The fireplace still burned.

And on the leather chair in the corner—placed there while she showered—was something new.

A single red rose.

Not romantic. Not sweet.

The stem had been stripped of thorns except for one long, wicked spike near the bloom.

Tucked beneath the flower was a folded note in the same heavy cream stock.

She opened it with trembling fingers.

Three words, written in black ink with a fountain pen:

**Come downstairs.**

**Now.**

Elena stared at the note.

The collar suddenly felt tighter.

She looked toward the bedroom door.

The private elevator waited beyond it.

She could stay here. Lock herself in. Wait for morning.

Or she could go down.

Into his world.

Into whatever waited forty-two floors below.

Her bare feet were already moving toward the door before her mind caught up.

She pressed the call button.

The doors slid open silently.

Inside, the mirrored walls showed her again: wet hair, black towel knotted at her chest, diamond collar gleaming like a promise—or a warning.

She stepped in.

The doors closed.

The car began to descend.

And Elena realized, with a jolt that felt like falling, that she wasn’t wearing the coat anymore.

She had left the last piece of her old life on the bathroom floor.

And she wasn’t sure she wanted it back.

The elevator slowed.

Stopped.

The doors opened onto darkness.

A single spotlight cut through the black.

Alessandro stood beneath it—shirt sleeves rolled to his elbows, collar open, scar stark against his skin.
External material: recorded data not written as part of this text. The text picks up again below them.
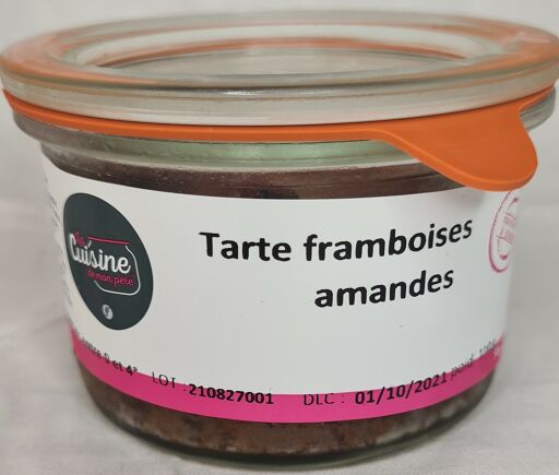 Tarte aux framboises et amandes. La cuisine de mon père c'est quoi ? Une cuisine facile, gourmande qui change de l'offre habituelle des déjeuners rapides, pour les gens qui en ont assez des sandwiches et de la malbouffe.On peut aussi emporter avec soi de jolis bocaux, qui seront à réchauffer au bureau ou à la maison. Prêts en deux ou trois minutes, les bons petits plats peuvent être dégustés dans leur contenant (le bocal). Plus de 80% des ingrédients sont d’origine locale et/ou issus de l’agriculture biologique.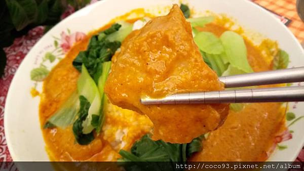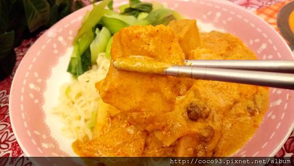 不辣的印度咖哩味,奶香混合椰汁香夾雜著花生味,蓋過多數的香料味,又是偏甜,但小孩愛吃呢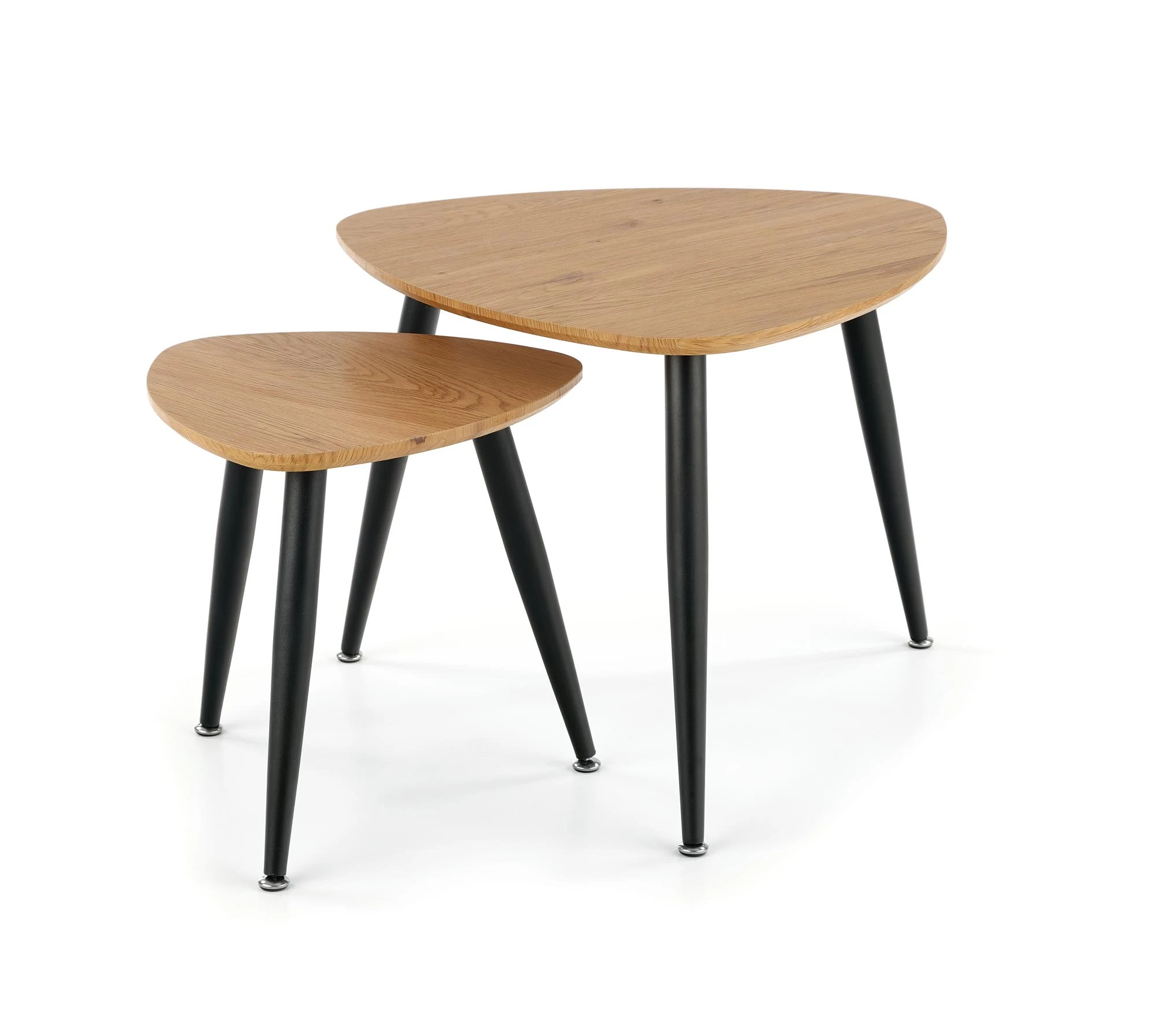 NICEA – sada dvou stolků v dekoru dub a s černým kovovým rámem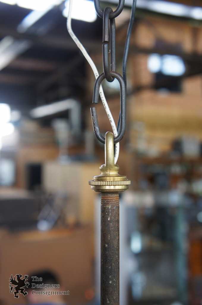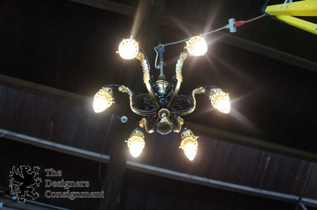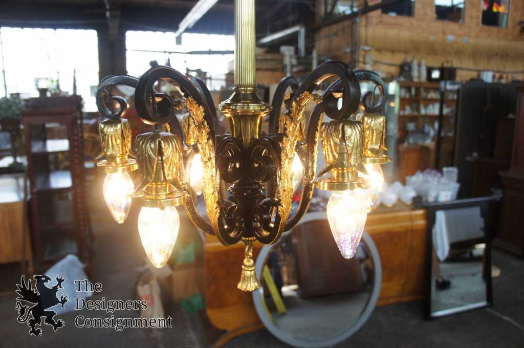 French Empire 6 light drop chandelier. Heavy cast iron with bronze and brass accents. Black base with gold trim. Shades could be added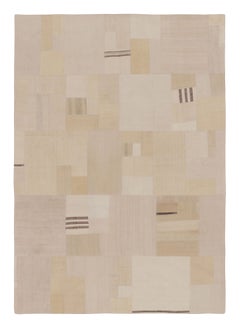 Mid-20th Century Geometric Beige, Yellow, Brown Flatweave Rug Dekolet Collection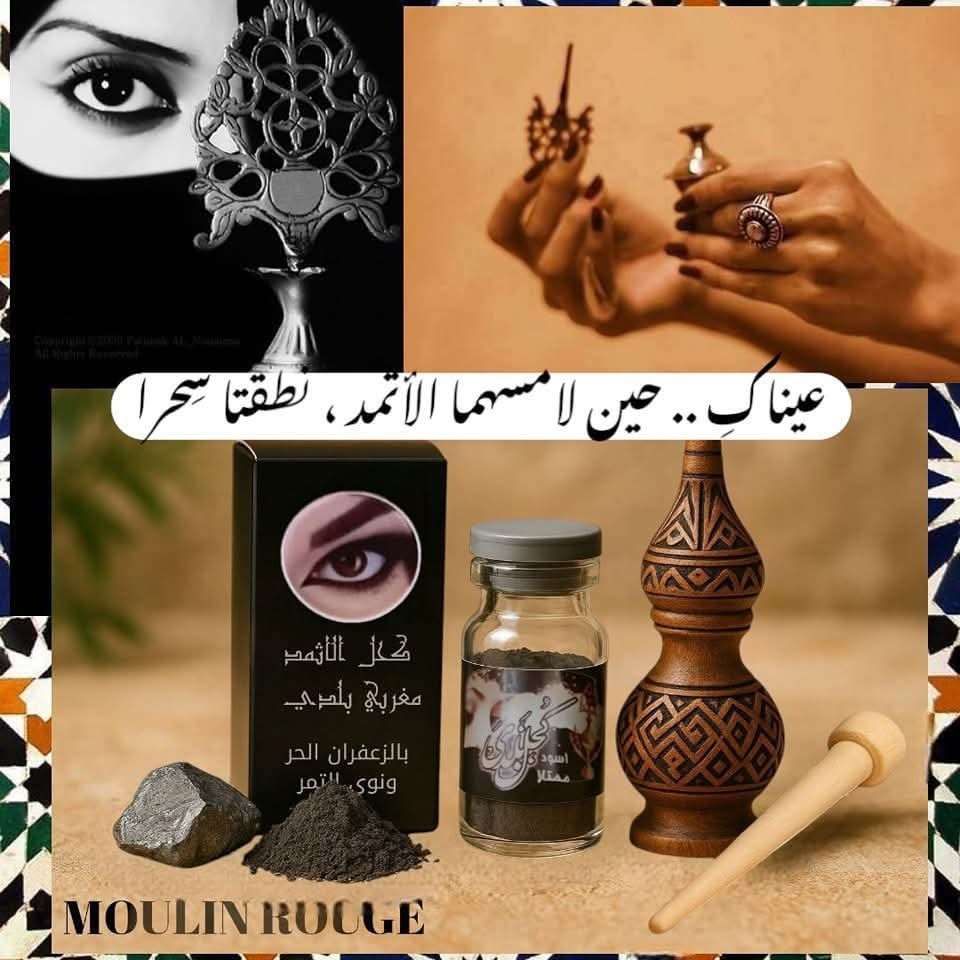 كحل الإثمد المغربي الأصيل من مولان روج سر العيون الساحرة... من تقاليد المغرب العريقة إلى جمالكِ اليوم فوائده: 🖤يعزز من نمو الرموش ويقويها 🖤يحافظ على صحة العين وينقيها 🖤يمنحكِ لون أسود طبيعي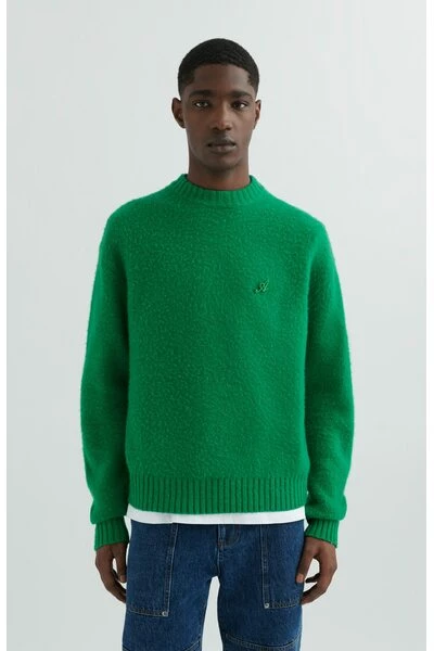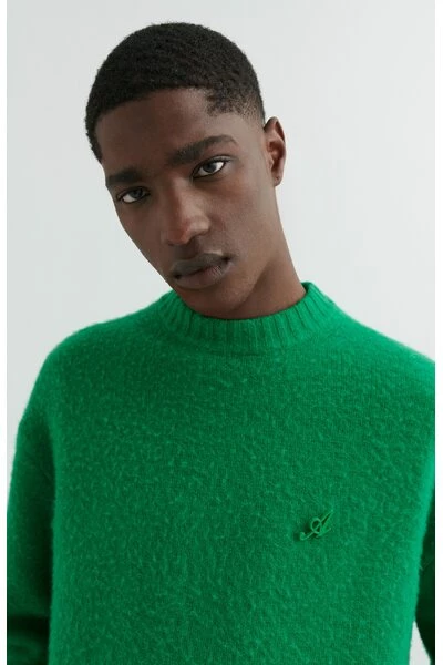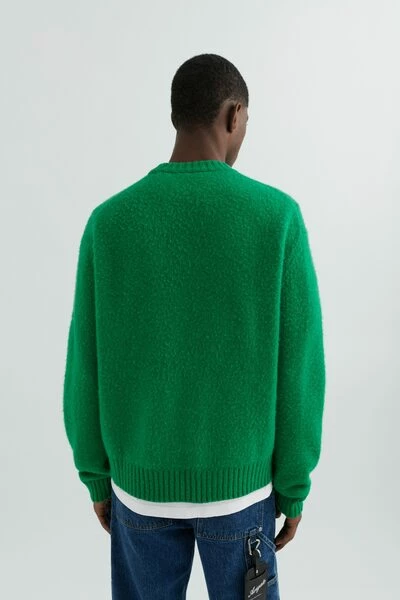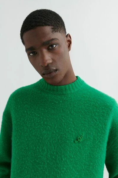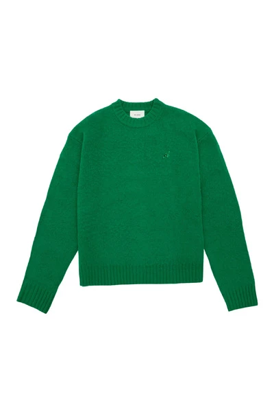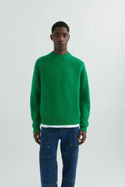 De Beyond Sweater is gebreid van een merinowol en kasjermijnmengsel met een gestructureerde handvat. Het is ontworpen in een bemanningshekprofiel met geribbelde randen en heeft een handtekening een pin op de borst. Deze trui wordt regelmatig gesneden.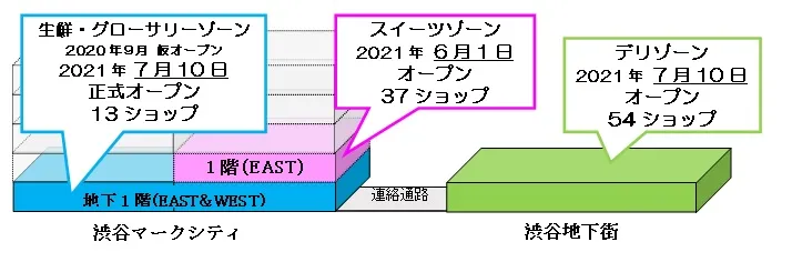 株式会社東急百貨店(以下、当社)は、渋谷 東急フードショー(以下、当店)の「スイーツゾーン」(渋谷マークシティ1階)を2021年6月1日(火)に、「デリゾーン」(渋谷地下街エリア、以下、しぶちか)を7月10日(土)にオープンします。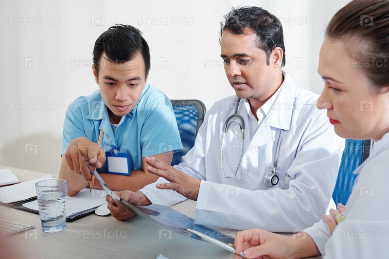 Медицинские работники обсуждают рентгеновское изображение легких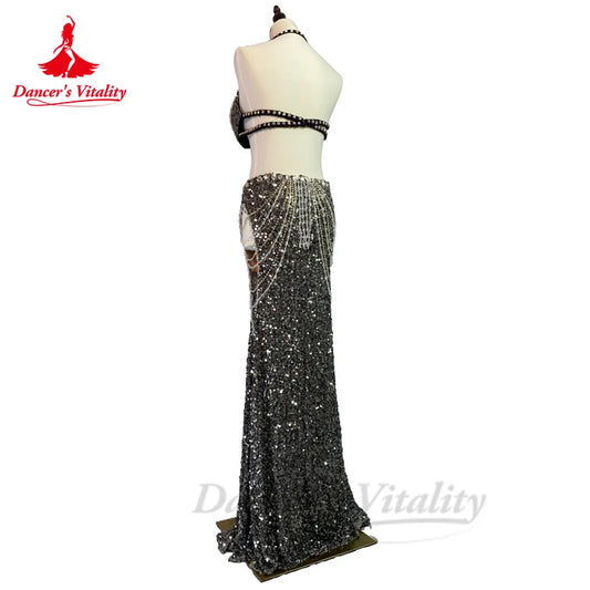 Belly Dance Performance Costumes Women's Customized Sleeveless Top+Sexy Slit Long Skirt Oriental Dance Professional Clothing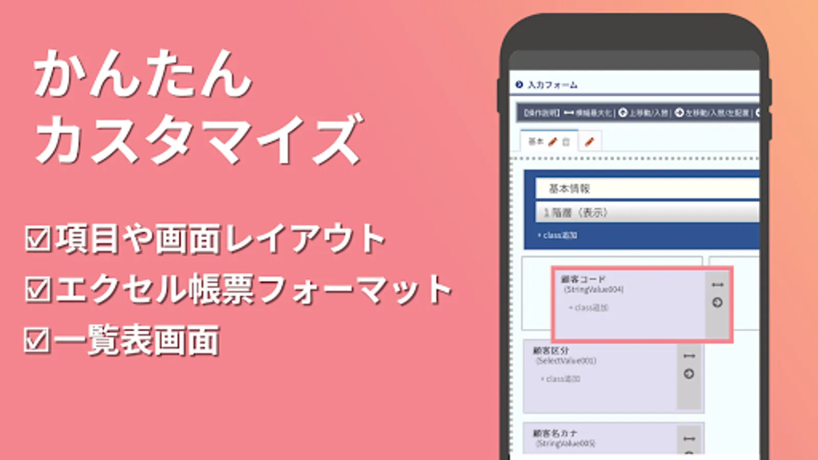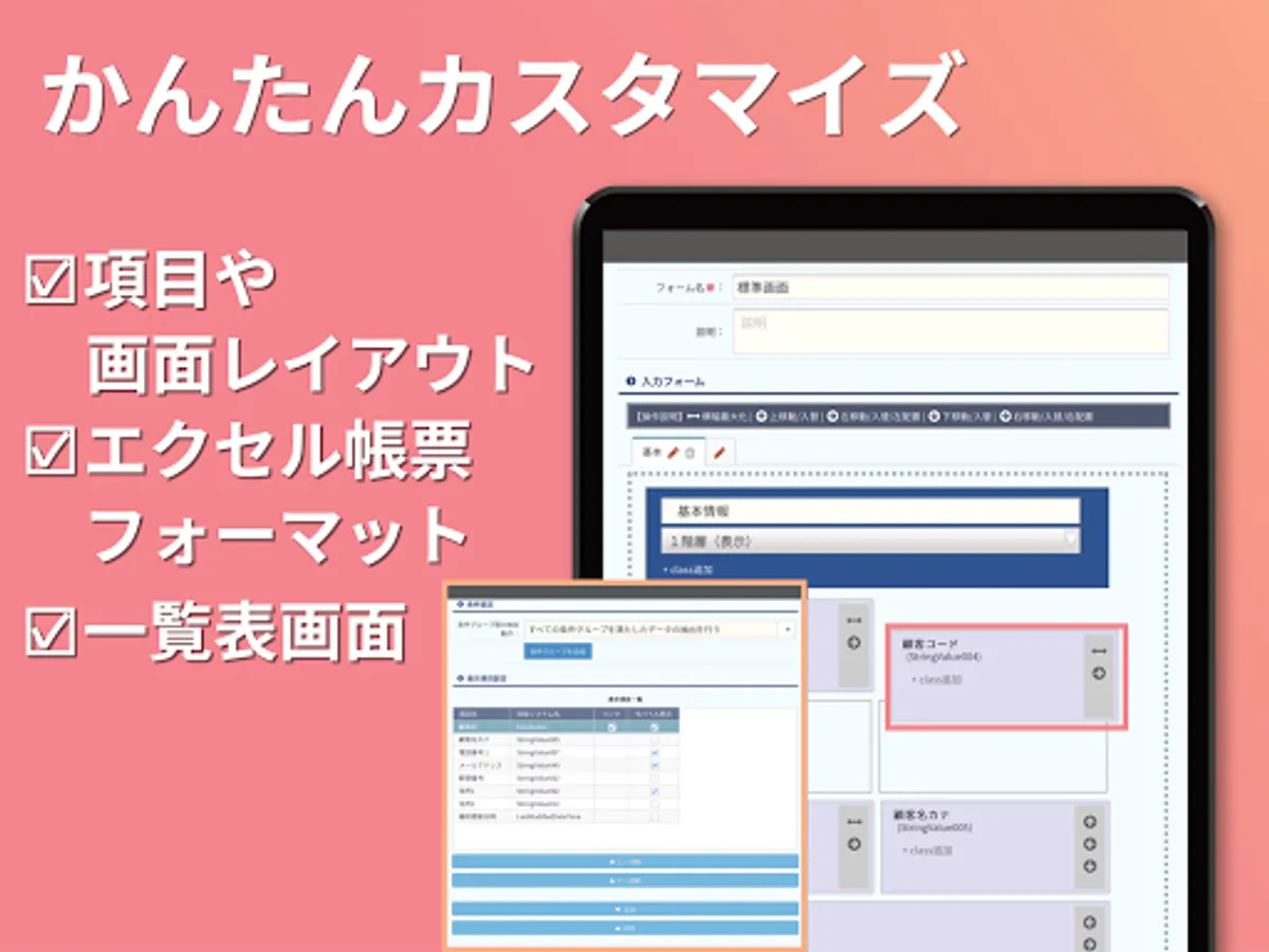 ・ 項目や画面を簡単にカスタマイズ可能。あらゆる業種や用途にフィット。

Behind him, on a low glass table, lay an array of things that made her breath catch: leather cuffs, a thin silver chain, a riding crop with a braided handle.

He didn’t smile.

He simply held out his hand.

And in the silence that followed, Elena heard her own heartbeat roaring in her ears.

She took one step forward.

Then another.

The doors hissed shut behind her.

And the spotlight swallowed them both.